Records from a data source:
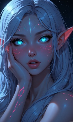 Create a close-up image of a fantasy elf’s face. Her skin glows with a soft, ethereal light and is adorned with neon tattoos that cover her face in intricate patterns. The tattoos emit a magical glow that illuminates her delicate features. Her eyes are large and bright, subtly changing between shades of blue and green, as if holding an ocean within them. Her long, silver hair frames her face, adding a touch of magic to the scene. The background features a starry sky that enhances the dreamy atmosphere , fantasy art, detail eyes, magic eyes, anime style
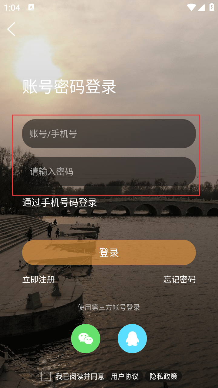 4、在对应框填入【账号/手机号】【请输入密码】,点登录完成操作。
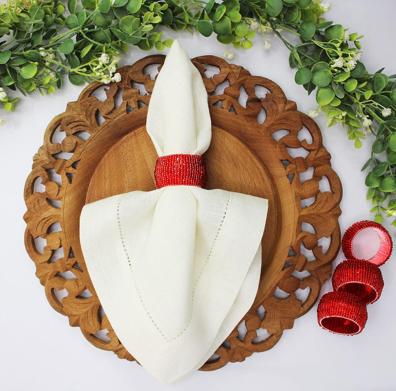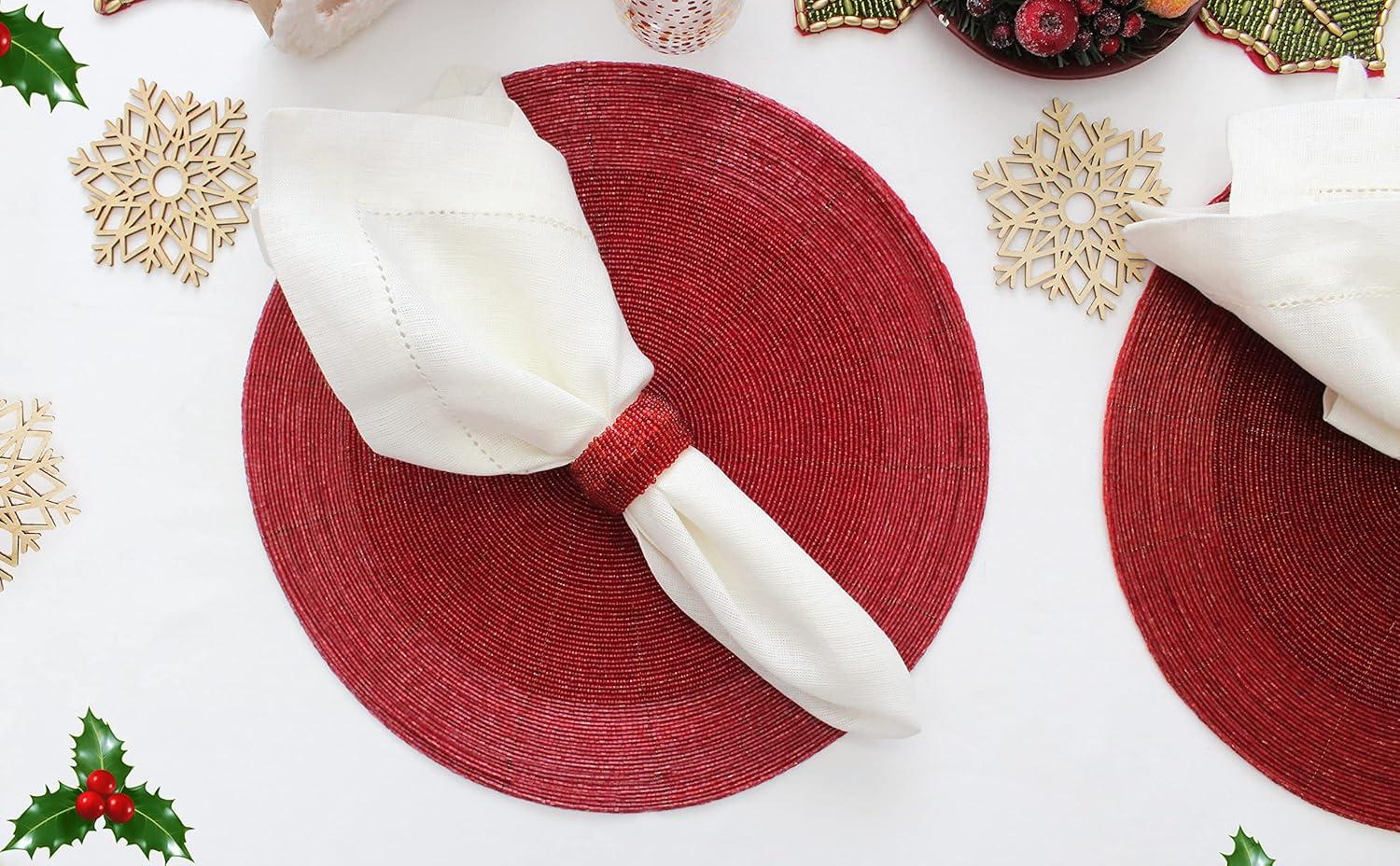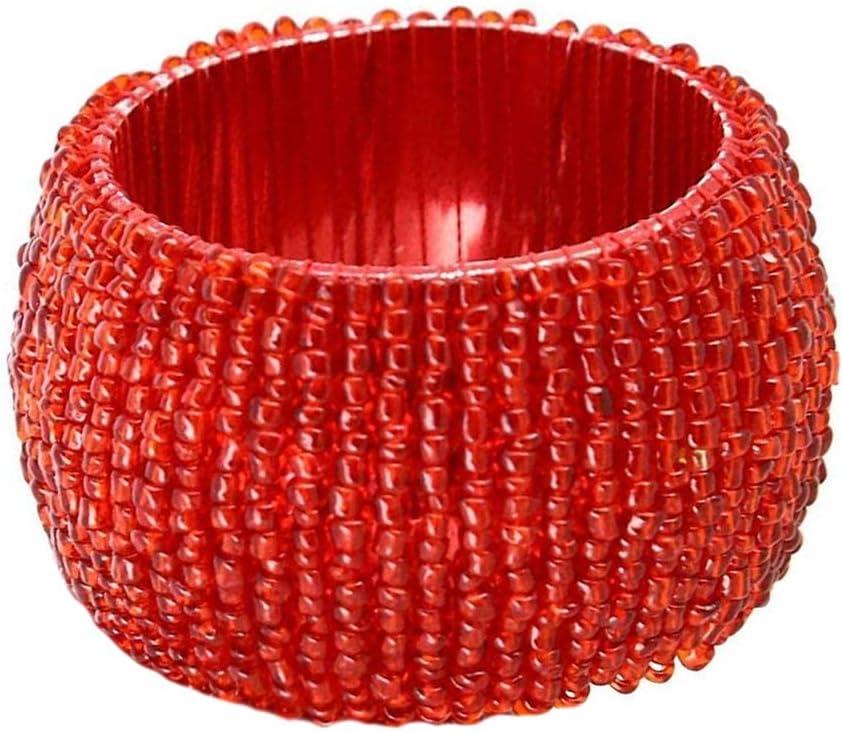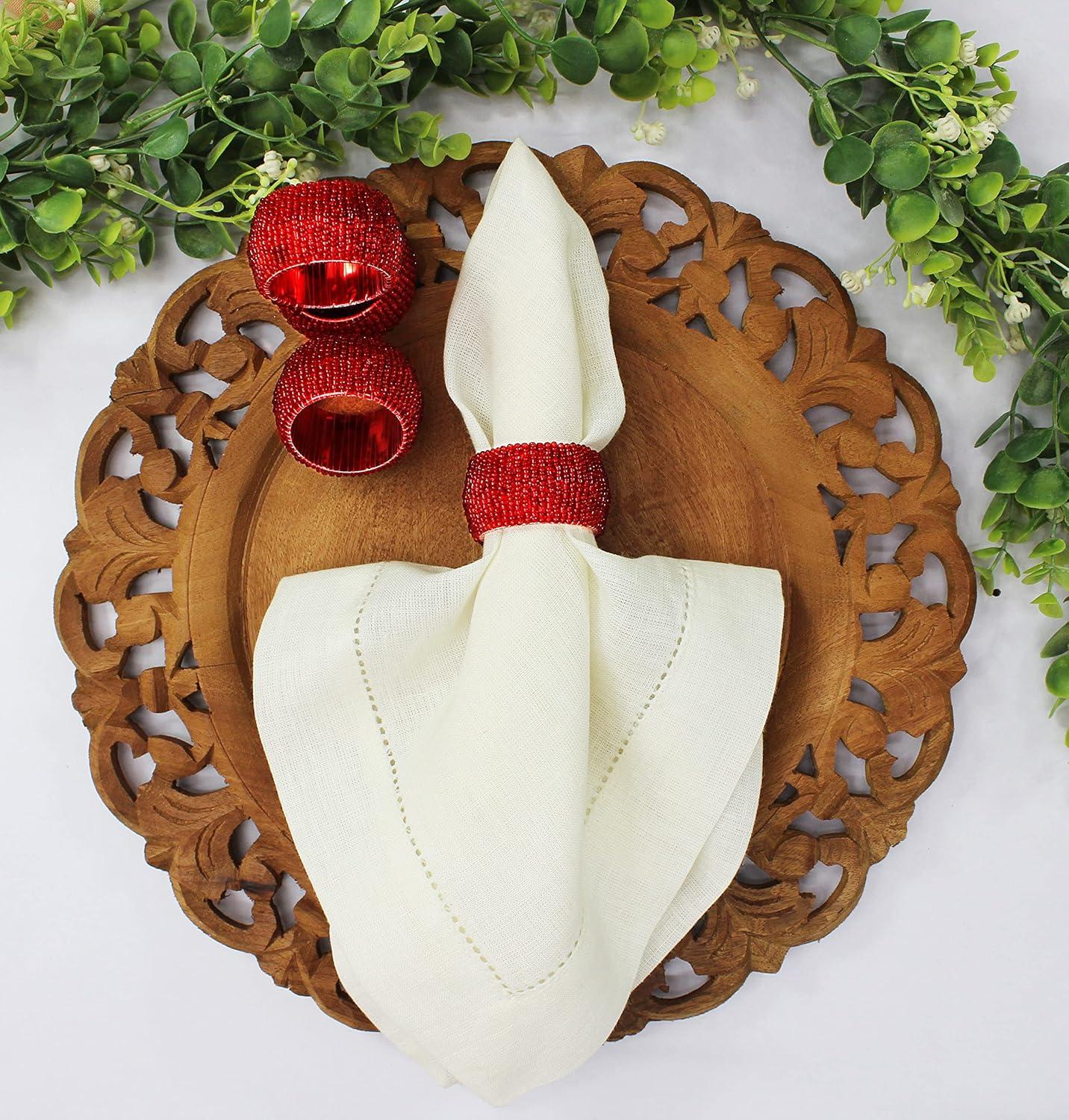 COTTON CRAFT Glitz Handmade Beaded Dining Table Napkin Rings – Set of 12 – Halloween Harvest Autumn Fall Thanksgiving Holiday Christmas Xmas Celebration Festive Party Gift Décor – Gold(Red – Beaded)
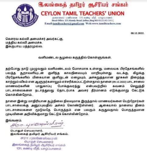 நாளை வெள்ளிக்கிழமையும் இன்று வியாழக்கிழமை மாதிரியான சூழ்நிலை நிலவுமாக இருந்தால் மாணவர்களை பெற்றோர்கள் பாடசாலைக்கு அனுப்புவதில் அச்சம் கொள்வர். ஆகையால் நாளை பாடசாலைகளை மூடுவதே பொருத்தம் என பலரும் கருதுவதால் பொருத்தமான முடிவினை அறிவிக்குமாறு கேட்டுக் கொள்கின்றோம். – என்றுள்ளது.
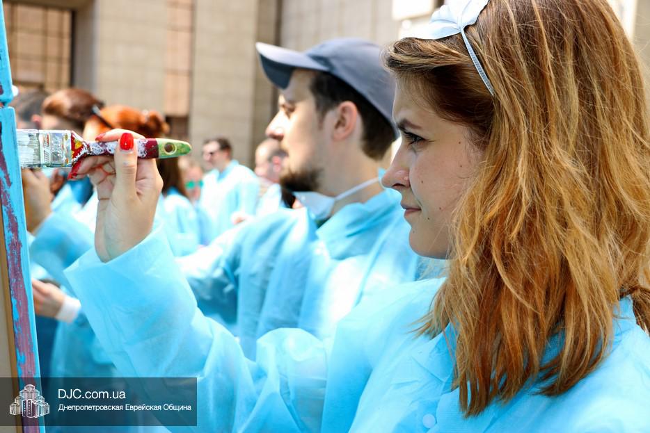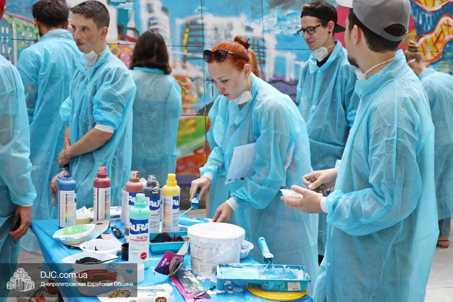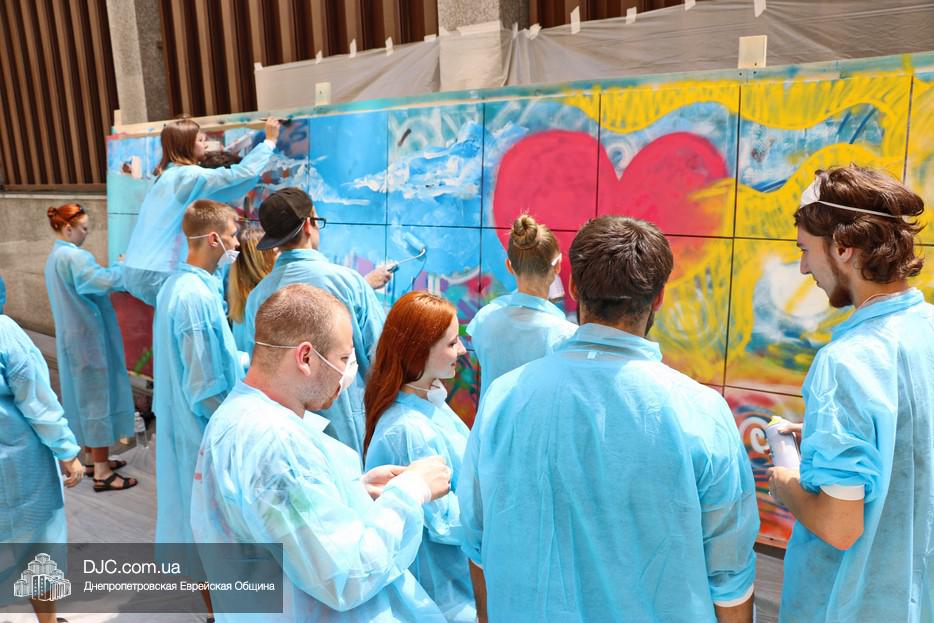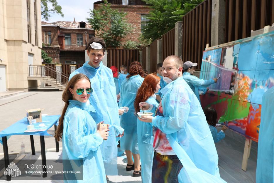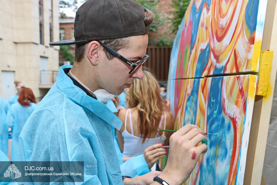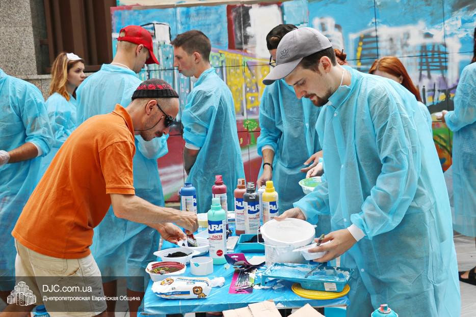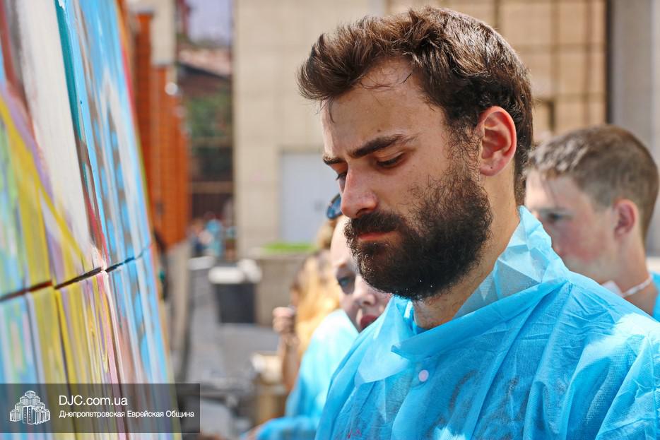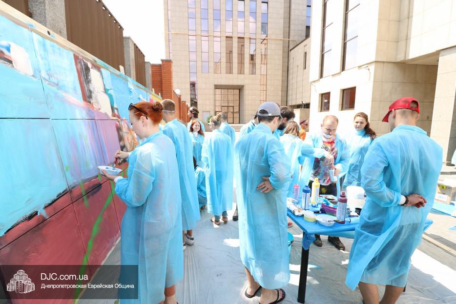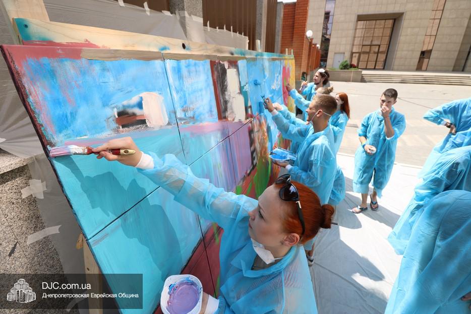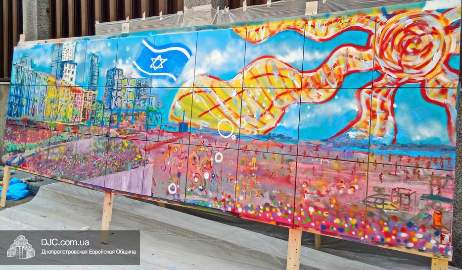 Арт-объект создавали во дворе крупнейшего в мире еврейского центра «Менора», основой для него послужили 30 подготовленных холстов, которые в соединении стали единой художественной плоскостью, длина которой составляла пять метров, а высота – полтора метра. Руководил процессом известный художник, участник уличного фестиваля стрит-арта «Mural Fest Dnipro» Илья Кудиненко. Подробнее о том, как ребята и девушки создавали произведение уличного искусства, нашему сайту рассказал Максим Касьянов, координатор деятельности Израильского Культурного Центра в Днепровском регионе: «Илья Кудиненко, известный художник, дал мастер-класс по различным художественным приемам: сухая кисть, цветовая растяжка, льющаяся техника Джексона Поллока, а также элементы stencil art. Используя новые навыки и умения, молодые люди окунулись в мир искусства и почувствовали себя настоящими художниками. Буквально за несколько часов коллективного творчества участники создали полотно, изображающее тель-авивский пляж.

▶ **Required work**
Since the copy must contain no pictures, return only the text of the records, exactly as it stands.

▶ **Completed task**
 Create a close-up image of a fantasy elf’s face. Her skin glows with a soft, ethereal light and is adorned with neon tattoos that cover her face in intricate patterns. The tattoos emit a magical glow that illuminates her delicate features. Her eyes are large and bright, subtly changing between shades of blue and green, as if holding an ocean within them. Her long, silver hair frames her face, adding a touch of magic to the scene. The background features a starry sky that enhances the dreamy atmosphere , fantasy art, detail eyes, magic eyes, anime style
 4、在对应框填入【账号/手机号】【请输入密码】,点登录完成操作。
 COTTON CRAFT Glitz Handmade Beaded Dining Table Napkin Rings – Set of 12 – Halloween Harvest Autumn Fall Thanksgiving Holiday Christmas Xmas Celebration Festive Party Gift Décor – Gold(Red – Beaded)
 நாளை வெள்ளிக்கிழமையும் இன்று வியாழக்கிழமை மாதிரியான சூழ்நிலை நிலவுமாக இருந்தால் மாணவர்களை பெற்றோர்கள் பாடசாலைக்கு அனுப்புவதில் அச்சம் கொள்வர். ஆகையால் நாளை பாடசாலைகளை மூடுவதே பொருத்தம் என பலரும் கருதுவதால் பொருத்தமான முடிவினை அறிவிக்குமாறு கேட்டுக் கொள்கின்றோம். – என்றுள்ளது.
 Арт-объект создавали во дворе крупнейшего в мире еврейского центра «Менора», основой для него послужили 30 подготовленных холстов, которые в соединении стали единой художественной плоскостью, длина которой составляла пять метров, а высота – полтора метра. Руководил процессом известный художник, участник уличного фестиваля стрит-арта «Mural Fest Dnipro» Илья Кудиненко. Подробнее о том, как ребята и девушки создавали произведение уличного искусства, нашему сайту рассказал Максим Касьянов, координатор деятельности Израильского Культурного Центра в Днепровском регионе: «Илья Кудиненко, известный художник, дал мастер-класс по различным художественным приемам: сухая кисть, цветовая растяжка, льющаяся техника Джексона Поллока, а также элементы stencil art. Используя новые навыки и умения, молодые люди окунулись в мир искусства и почувствовали себя настоящими художниками. Буквально за несколько часов коллективного творчества участники создали полотно, изображающее тель-авивский пляж.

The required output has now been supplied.